Carnegie Mellon, Stanford researchers devise method to safely share password data

February 22, 2016

PITTSBURGH--An unfortunate reality for cybersecurity researchers is that real-world data for their research too often comes via a security breach. Now computer scientists have devised a way to let organizations share statistics about their users' passwords without putting those same customers at risk of being hacked.

The work at Carnegie Mellon University and Stanford University, part of an emerging field on rigorous human authentication, persuaded Yahoo! to publicly share password frequency statistics for about 70 million of its users.

"This is the first time a major company has released frequency information on user passwords," said Anupam Datta, associate professor of computer science and electrical and computer engineering at CMU. "It's the kind of information that legitimate researchers can use to assess the impact of a security breach and to make informed decisions about password defenses. This is extremely valuable, so we hope other organizations will follow Yahoo's lead."

The researchers are presenting their method on Wednesday at the Network and Distributed System Security Symposium in San Diego. Their method distorts numbers in the dataset so the list is "differentially private," a precise mathematical definition that guarantees the released statistics don't reveal whether any specific individual's password is included in the dataset.
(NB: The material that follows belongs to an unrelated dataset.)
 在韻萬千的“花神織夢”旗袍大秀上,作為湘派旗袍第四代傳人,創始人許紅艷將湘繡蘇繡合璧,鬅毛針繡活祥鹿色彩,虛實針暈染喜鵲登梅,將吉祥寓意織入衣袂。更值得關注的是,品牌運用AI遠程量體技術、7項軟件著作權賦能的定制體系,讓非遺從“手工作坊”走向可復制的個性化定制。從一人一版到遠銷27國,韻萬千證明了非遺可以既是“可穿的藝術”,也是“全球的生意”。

The information at issue isn't actual passwords or user IDs, but password frequency lists -- the number of times passwords are selected by a group of users. In a simplified case involving 10 users, if eight users select "123456" as a password, and two users select "abc123," the frequency list would be (8,2).

Password frequency lists for large user groups can be analyzed to help organizations set authentication policies that balance security with usability, or to predict which user accounts are most vulnerable, said Jeremiah Blocki, a post-doctoral researcher at Microsoft Research who began this study while a post-doc at Carnegie Mellon.
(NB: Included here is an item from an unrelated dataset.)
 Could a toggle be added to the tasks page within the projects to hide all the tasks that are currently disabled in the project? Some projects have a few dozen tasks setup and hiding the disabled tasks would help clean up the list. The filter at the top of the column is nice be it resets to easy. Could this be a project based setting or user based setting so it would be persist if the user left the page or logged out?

But getting access to frequency lists is difficult because of the potential for misuse. Alone, frequency lists don't help hackers identify individual passwords, Blocki said, but they could potentially provide important clues if cross-referenced to other databases. For instance, in the earlier example, if an adversary knew the passwords for nine of 10 users, it would be child's play to figure out the 10th password knowing that the frequency was (8,2).

Most companies are reluctant to provide access to their frequency lists, so researchers make do with data that has been inadvertently released, such as the 32 million user accounts of the defunct RockYou social app site, which suffered a data breach in 2009.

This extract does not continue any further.